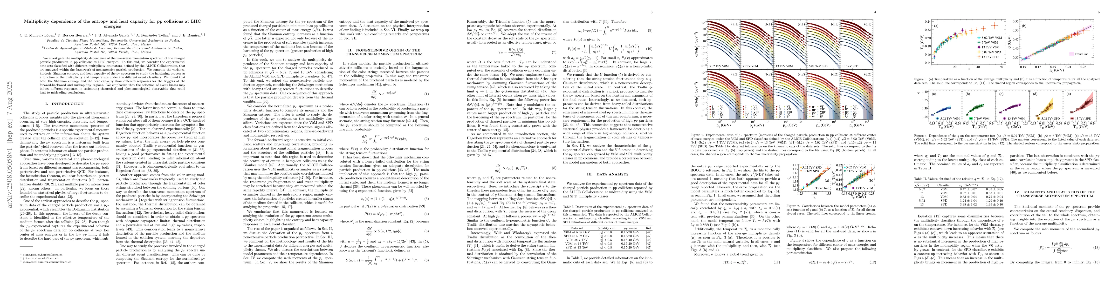 We investigate the multiplicity dependence of the transverse momentum spectrum of the charged particle production in pp collisions at LHC energies. To this end, we consider the experimental data sets classified with different multiplicity estimators, defined by the ALICE Collaboration, that are analyzed within the framework of nonextensive particle production. We compute the variance, kurtosis, Shannon entropy, and heat capacity of the $p_T$ spectrum to study the hardening process as a function of the multiplicity and temperature under the different event classifiers. We found that both the Shannon entropy and the heat capacity show different responses for the triggers at the forward-backward and midrapidity regions. We emphasize that the selection of event biases may induce different responses in estimating theoretical and phenomenological observables that could lead to misleading conclusions.
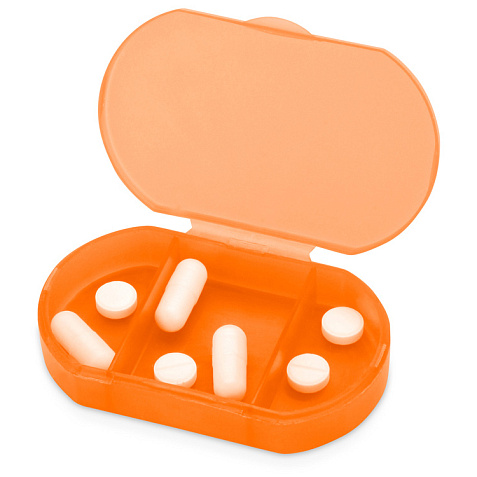 Компактная таблетница выполнена из прочного полупрозрачного пластика, имеет три отделения.
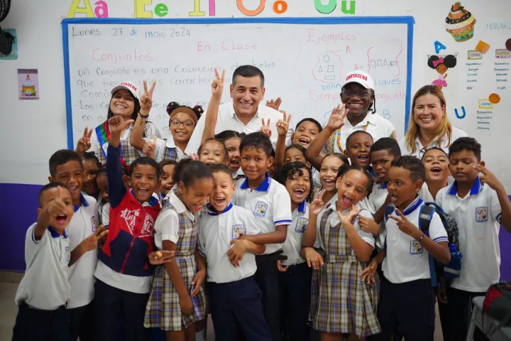 Cartagena de Indias D. T. y C., 28 de mayo de 2024. Cumpliendo con el compromiso adquirido en la posesión de los personeros de las instituciones educativas de Cartagena, el alcalde mayor, Dumek Turbay Paz, visitó en la mañana de este martes la sede principal de la Institución Etnoeducativa e Inclusiva Antonia Santos, donde recorrió las instalaciones y escuchó a la personera, los estudiantes, docentes y su rector. La jornada también contó con la presencia del secretario de Educación distrital, Alberto Martínez, en permanente articulación con el mandatario de los cartageneros.
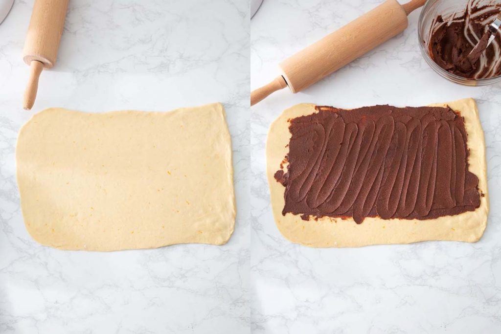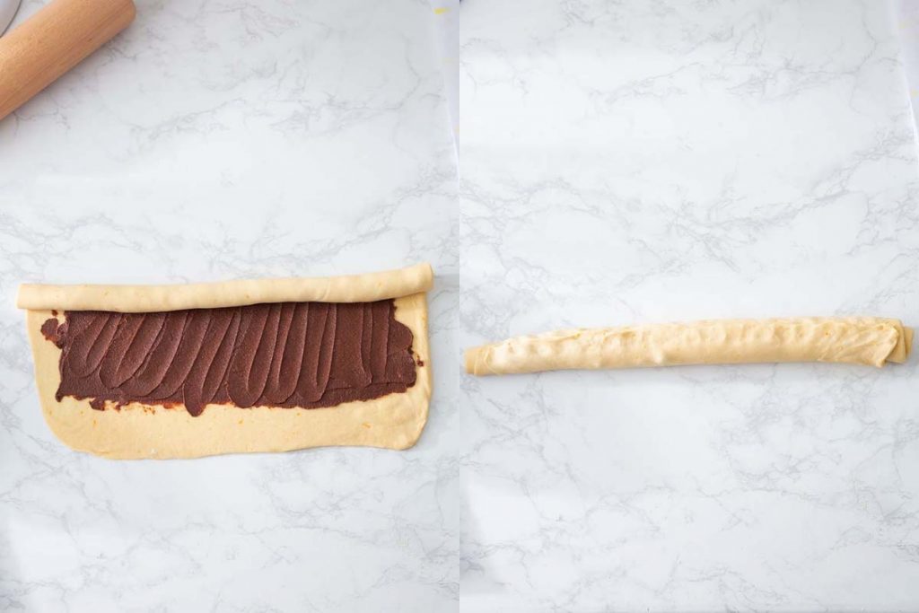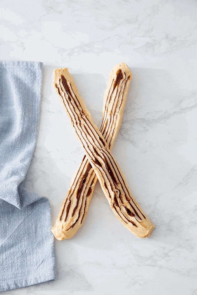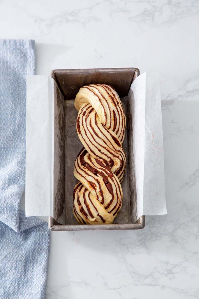 Blog > Spiced Chocolate-Orange Loaves Find A Store Spiced Chocolate-Orange Loaves Both delicious and versatile, our tender dough and bold, flavorful filling get a tasty loaf twist. Baked to golden brown perfection, each slice offers a showstopping swirl. Even better, this recipe makes two so you can share one and keep the other all to yourself. Spiced Chocolate-Orange Loaves Video Tutorial Watch video above for step-by-step shaping tutorial. Scroll down for printable recipe. See Spiced Chocolate-Orange Knots recipe and video for detailed dough-making step-by-step tutorial. After dough has risen, roll out and spread filling evenly over dough – leaving border around 3 edges. Roll dough, jelly roll style, then pinch seam to seal. Wrap and refrigerate for 20 minutes. Cut dough in half length-wise, make an ‘X’ with the strips and twist halves around each other. Place twisted loaves in prepared bread pans, tucking end under. Cover and let rise. After rising, brush with egg wash then it’s time to bake! Place on wire rack to cool; dust with confectioners’ sugar, if desired. Enjoy eating this sweet bread with family, or share a loaf with friends. Perfect for a holiday breakfast, and easy enough for any day! Spiced Chocolate-Orange Loaves Both delicious and versatile, our tender dough and bold, flavorful filling get a tasty loaf twist. Baked to golden brown perfection, each slice offers a showstopping swirl. Even better, this recipe makes two so you can share one and keep the other all to yourself. Yield 2 loaves Print Recipe Pin Recipe 0 Reviews IngredientsDough3 1/4 to 3 3/4 cups (406 to 469g) all-purpose flour, divided1/4 cup (55g) firmly packed light brown sugar1 (0.25-ounce) package (7g) Platinum Yeast 2 teaspoons (6g) kosher salt1 cup (240g) whole milk1/3 cup (76g) unsalted butter, softened1 teaspoon (5g) tightly packed orange zest1 (50g) large egg, room temperatureFilling6 tablespoons (84g) unsalted butter, room temperature (see Note1)1/3 cup (73g) firmly packed light brown sugar2 tablespoons (10g) Dutch process cocoa powder1 tablespoon (6g) ground cinnamon1/4 teaspoon ground cloves 1/4 teaspoon packed orange zest1/8 teaspoon kosher saltTopping/Garnish1 (50g) large egg, lightly beaten (for egg wash)1 tablespoon (15g) water (for egg wash)Garnish: confectioners' sugar InstructionsFor dough: In the bowl of a stand mixer fitted with the paddle attachment, beat 1 cup (125g) flour, brown sugar, yeast, and salt at low speed just until combined.In a medium saucepan, combine milk, butter, and orange zest. Cook over low heat, stirring occasionally, until butter is melted and an instant-read thermometer registers 120°F (49°C) to 130°F (54°C). Add warm milk mixture to flour mixture; beat at medium speed for 2 minutes. Add egg; beat at medium-highspeed for 2 minutes. With mixer on low speed, gradually add 2 1/4 cups (281g) flour, beating just until combined and stopping to scrape sides of bowl. Switch to the dough hook attachment. Beat at medium-low speed until a soft, elastic dough forms, 6 to 12 minutes, stopping to scrape sides of bowl and dough hook; add up to remaining 1/2 cup (63g) flour, 1 tablespoon (8g) at a time, if dough is too sticky. (Dough may still stick slightly to bottom and sides of bowl. Dough should pass the windowpane test; see Notes2.) Turn out dough onto a clean surface, and shape into a ball.Spray a large bowl with cooking spray. Place dough in bowl, turning to grease top. Cover and let rise in a warm, draft-free place (75°F/24°C) until doubled in size, 30 to 45 minutes. Punch down dough; cover and let stand for 10 minutes.For filling: In a medium bowl, stir together butter, brown sugar, cocoa, cinnamon, cloves, orange zest, and salt with a silicone spatula until well combined. Spray 2 (8½x4½-inch) loaf pans with cooking spray. Line pans with parchment paper, letting excess extend over sides of pans. (See Notes3.) Divide dough in half. On a lightly floured surface, roll half of dough into a 13×10-inch rectangle (about 1/8 to 1/4 inch thick) with one long side closest to you. Using a small offset spatula, dot half of filling on top of dough, and spread into an even layer, leaving a ½-inch border on both short sides and one long side. Starting on long side without border, roll up dough, jelly roll style, and pinch seam to seal. Wrap in plastic wrap, and refrigerate for 20 minutes. Repeat with remaining dough and remaining filling. Wipe hands and surface clean as needed. Preheat oven to 350°F (180°C).Unwrap and gently stretch 1 dough log to 14 inches long, if necessary. Place seam side down; using a sharp serrated knife, cut in half lengthwise, wiping knife clean between cuts. Turn cut side up, and place halves in an “X.” Twist together top half of “X” twice; pinch ends together, and tuck under. Repeat with bottom half of “X.” Repeat with remaining dough. Place in prepared pans, making sure to keep cut sides up and ends tucked under. Cover and let rise in a warm, draft-free place (75°F/24°C) until puffed and dough holds an indentation when poked, 25 to 30 minutes.Make egg wash: In a small bowl, whisk together 1 egg and 1 tablespoon (15g) water. Brush tops of loaves with egg wash. Bake for 20 minutes; rotate pan, and loosely cover with foil. Bake until golden brown and an instant-read thermometer inserted in center registers 190°F (88°C), about 8 minutes more. Let cool in pans for 10 minutes. Using excess parchment as handles, remove from pans, and place on wire racks. Serve warm or at room temperature. Garnish with confectioners’ sugar, if desired, just before serving. Notes Unlike softened butter, room temperature butter should provide no resistance when pressed with a finger. At this point, the butter is softened enough to easily spread over dough. To use the windowpane test to check dough for proper gluten development, pinch off (don’t tear) a small piece of dough. Slowly pull the dough out from the center. If the dough is ready, you will
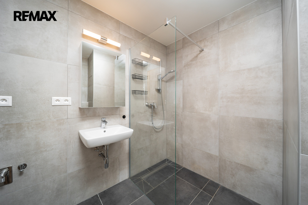 Standard bytu splní i náročnější požadavky – podlahové vytápění v celém bytě, kvalitní vinylové podlahy v dekoru dřeva a dálkově ovládané venkovní žaluzie pro maximální komfort. Koupelna je řešena moderně s velkoformátovou dlažbou, závěsným WC, sprchovým koutem a přípojkou na pračku a sušičku.
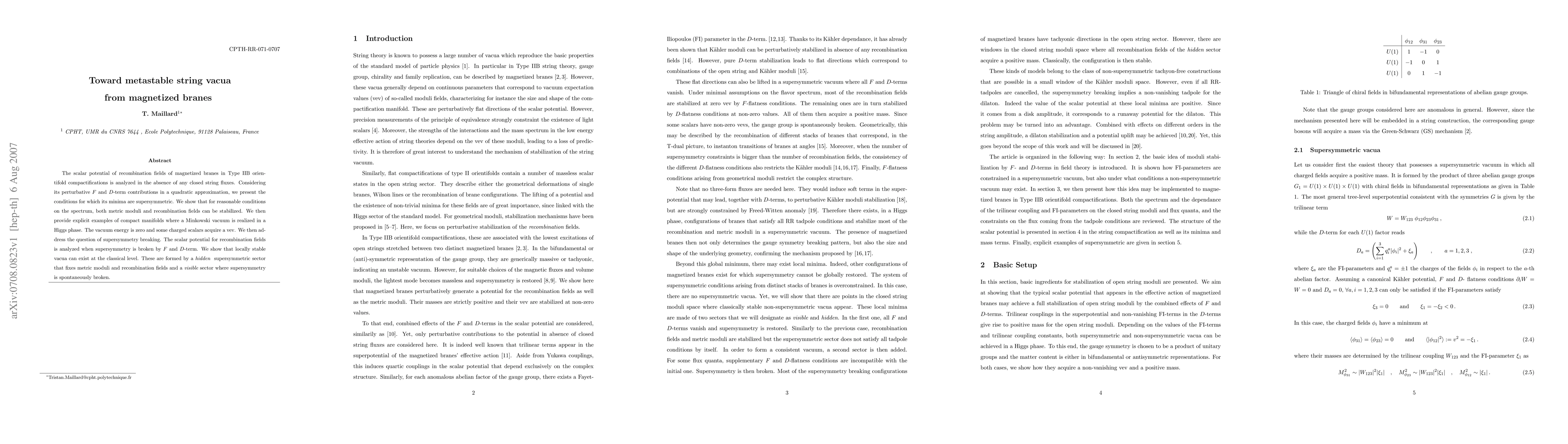 The scalar potential of recombination fields of magnetized branes in Type IIB orientifold compactifications is analyzed in the absence of any closed string fluxes. Considering its perturbative F and D-term contributions in a quadratic approximation, we present the conditions for which its minima are supersymmetric. We show that for reasonable conditions on the spectrum, both metric moduli and recombination fields can be stabilized. We then provide explicit examples of compact manifolds where a Minkowski vacuum is realized in a Higgs phase. The vacuum energy is zero and some charged scalars acquire a vev. We then address the question of supersymmetry breaking. The scalar potential for recombination fields is analyzed when supersymmetry is broken by F and D-term. We show that locally stable vacua can exist at the classical level. These are formed by a hidden supersymmetric sector that fixes metric moduli and recombination fields and a visible sector where supersymmetry is spontaneously broken.
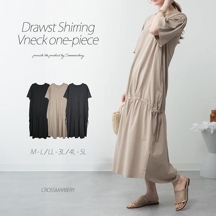 女性らしい抜け感を生み出すドロストシャーリング Vネックワンピース Vネックのデザインがデコルテラインを美しく見せ、程良い抜け感と女性らしさを引き立てます。
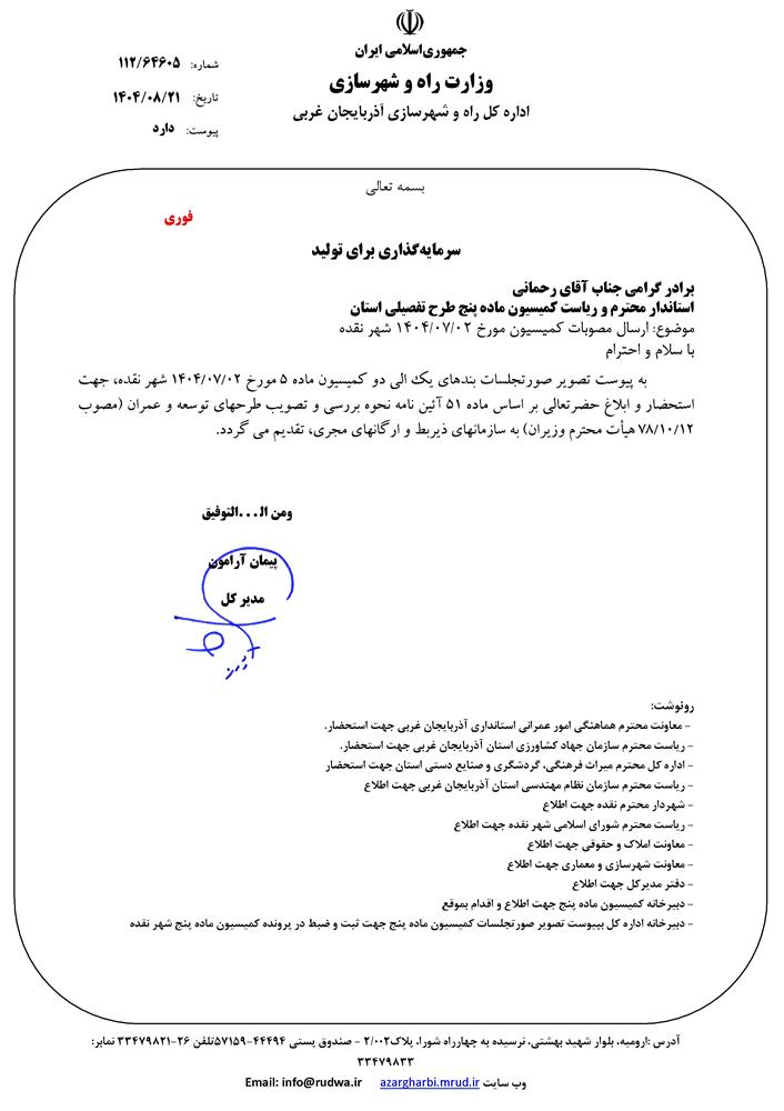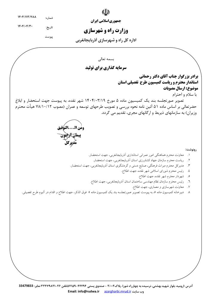 | 6 | نامه مصوبات | طرح تفصیلی شهرنقده |

····················

- **Directions for this task**
Give back each line above verbatim, dropping every picture.

- **Result of this task**
 We investigate the multiplicity dependence of the transverse momentum spectrum of the charged particle production in pp collisions at LHC energies. To this end, we consider the experimental data sets classified with different multiplicity estimators, defined by the ALICE Collaboration, that are analyzed within the framework of nonextensive particle production. We compute the variance, kurtosis, Shannon entropy, and heat capacity of the $p_T$ spectrum to study the hardening process as a function of the multiplicity and temperature under the different event classifiers. We found that both the Shannon entropy and the heat capacity show different responses for the triggers at the forward-backward and midrapidity regions. We emphasize that the selection of event biases may induce different responses in estimating theoretical and phenomenological observables that could lead to misleading conclusions.
 Компактная таблетница выполнена из прочного полупрозрачного пластика, имеет три отделения.
 Cartagena de Indias D. T. y C., 28 de mayo de 2024. Cumpliendo con el compromiso adquirido en la posesión de los personeros de las instituciones educativas de Cartagena, el alcalde mayor, Dumek Turbay Paz, visitó en la mañana de este martes la sede principal de la Institución Etnoeducativa e Inclusiva Antonia Santos, donde recorrió las instalaciones y escuchó a la personera, los estudiantes, docentes y su rector. La jornada también contó con la presencia del secretario de Educación distrital, Alberto Martínez, en permanente articulación con el mandatario de los cartageneros.
 Blog > Spiced Chocolate-Orange Loaves Find A Store Spiced Chocolate-Orange Loaves Both delicious and versatile, our tender dough and bold, flavorful filling get a tasty loaf twist. Baked to golden brown perfection, each slice offers a showstopping swirl. Even better, this recipe makes two so you can share one and keep the other all to yourself. Spiced Chocolate-Orange Loaves Video Tutorial Watch video above for step-by-step shaping tutorial. Scroll down for printable recipe. See Spiced Chocolate-Orange Knots recipe and video for detailed dough-making step-by-step tutorial. After dough has risen, roll out and spread filling evenly over dough – leaving border around 3 edges. Roll dough, jelly roll style, then pinch seam to seal. Wrap and refrigerate for 20 minutes. Cut dough in half length-wise, make an ‘X’ with the strips and twist halves around each other. Place twisted loaves in prepared bread pans, tucking end under. Cover and let rise. After rising, brush with egg wash then it’s time to bake! Place on wire rack to cool; dust with confectioners’ sugar, if desired. Enjoy eating this sweet bread with family, or share a loaf with friends. Perfect for a holiday breakfast, and easy enough for any day! Spiced Chocolate-Orange Loaves Both delicious and versatile, our tender dough and bold, flavorful filling get a tasty loaf twist. Baked to golden brown perfection, each slice offers a showstopping swirl. Even better, this recipe makes two so you can share one and keep the other all to yourself. Yield 2 loaves Print Recipe Pin Recipe 0 Reviews IngredientsDough3 1/4 to 3 3/4 cups (406 to 469g) all-purpose flour, divided1/4 cup (55g) firmly packed light brown sugar1 (0.25-ounce) package (7g) Platinum Yeast 2 teaspoons (6g) kosher salt1 cup (240g) whole milk1/3 cup (76g) unsalted butter, softened1 teaspoon (5g) tightly packed orange zest1 (50g) large egg, room temperatureFilling6 tablespoons (84g) unsalted butter, room temperature (see Note1)1/3 cup (73g) firmly packed light brown sugar2 tablespoons (10g) Dutch process cocoa powder1 tablespoon (6g) ground cinnamon1/4 teaspoon ground cloves 1/4 teaspoon packed orange zest1/8 teaspoon kosher saltTopping/Garnish1 (50g) large egg, lightly beaten (for egg wash)1 tablespoon (15g) water (for egg wash)Garnish: confectioners' sugar InstructionsFor dough: In the bowl of a stand mixer fitted with the paddle attachment, beat 1 cup (125g) flour, brown sugar, yeast, and salt at low speed just until combined.In a medium saucepan, combine milk, butter, and orange zest. Cook over low heat, stirring occasionally, until butter is melted and an instant-read thermometer registers 120°F (49°C) to 130°F (54°C). Add warm milk mixture to flour mixture; beat at medium speed for 2 minutes. Add egg; beat at medium-highspeed for 2 minutes. With mixer on low speed, gradually add 2 1/4 cups (281g) flour, beating just until combined and stopping to scrape sides of bowl. Switch to the dough hook attachment. Beat at medium-low speed until a soft, elastic dough forms, 6 to 12 minutes, stopping to scrape sides of bowl and dough hook; add up to remaining 1/2 cup (63g) flour, 1 tablespoon (8g) at a time, if dough is too sticky. (Dough may still stick slightly to bottom and sides of bowl. Dough should pass the windowpane test; see Notes2.) Turn out dough onto a clean surface, and shape into a ball.Spray a large bowl with cooking spray. Place dough in bowl, turning to grease top. Cover and let rise in a warm, draft-free place (75°F/24°C) until doubled in size, 30 to 45 minutes. Punch down dough; cover and let stand for 10 minutes.For filling: In a medium bowl, stir together butter, brown sugar, cocoa, cinnamon, cloves, orange zest, and salt with a silicone spatula until well combined. Spray 2 (8½x4½-inch) loaf pans with cooking spray. Line pans with parchment paper, letting excess extend over sides of pans. (See Notes3.) Divide dough in half. On a lightly floured surface, roll half of dough into a 13×10-inch rectangle (about 1/8 to 1/4 inch thick) with one long side closest to you. Using a small offset spatula, dot half of filling on top of dough, and spread into an even layer, leaving a ½-inch border on both short sides and one long side. Starting on long side without border, roll up dough, jelly roll style, and pinch seam to seal. Wrap in plastic wrap, and refrigerate for 20 minutes. Repeat with remaining dough and remaining filling. Wipe hands and surface clean as needed. Preheat oven to 350°F (180°C).Unwrap and gently stretch 1 dough log to 14 inches long, if necessary. Place seam side down; using a sharp serrated knife, cut in half lengthwise, wiping knife clean between cuts. Turn cut side up, and place halves in an “X.” Twist together top half of “X” twice; pinch ends together, and tuck under. Repeat with bottom half of “X.” Repeat with remaining dough. Place in prepared pans, making sure to keep cut sides up and ends tucked under. Cover and let rise in a warm, draft-free place (75°F/24°C) until puffed and dough holds an indentation when poked, 25 to 30 minutes.Make egg wash: In a small bowl, whisk together 1 egg and 1 tablespoon (15g) water. Brush tops of loaves with egg wash. Bake for 20 minutes; rotate pan, and loosely cover with foil. Bake until golden brown and an instant-read thermometer inserted in center registers 190°F (88°C), about 8 minutes more. Let cool in pans for 10 minutes. Using excess parchment as handles, remove from pans, and place on wire racks. Serve warm or at room temperature. Garnish with confectioners’ sugar, if desired, just before serving. Notes Unlike softened butter, room temperature butter should provide no resistance when pressed with a finger. At this point, the butter is softened enough to easily spread over dough. To use the windowpane test to check dough for proper gluten development, pinch off (don’t tear) a small piece of dough. Slowly pull the dough out from the center. If the dough is ready, you will
 Standard bytu splní i náročnější požadavky – podlahové vytápění v celém bytě, kvalitní vinylové podlahy v dekoru dřeva a dálkově ovládané venkovní žaluzie pro maximální komfort. Koupelna je řešena moderně s velkoformátovou dlažbou, závěsným WC, sprchovým koutem a přípojkou na pračku a sušičku.
 The scalar potential of recombination fields of magnetized branes in Type IIB orientifold compactifications is analyzed in the absence of any closed string fluxes. Considering its perturbative F and D-term contributions in a quadratic approximation, we present the conditions for which its minima are supersymmetric. We show that for reasonable conditions on the spectrum, both metric moduli and recombination fields can be stabilized. We then provide explicit examples of compact manifolds where a Minkowski vacuum is realized in a Higgs phase. The vacuum energy is zero and some charged scalars acquire a vev. We then address the question of supersymmetry breaking. The scalar potential for recombination fields is analyzed when supersymmetry is broken by F and D-term. We show that locally stable vacua can exist at the classical level. These are formed by a hidden supersymmetric sector that fixes metric moduli and recombination fields and a visible sector where supersymmetry is spontaneously broken.
 女性らしい抜け感を生み出すドロストシャーリング Vネックワンピース Vネックのデザインがデコルテラインを美しく見せ、程良い抜け感と女性らしさを引き立てます。
 | 6 | نامه مصوبات | طرح تفصیلی شهرنقده |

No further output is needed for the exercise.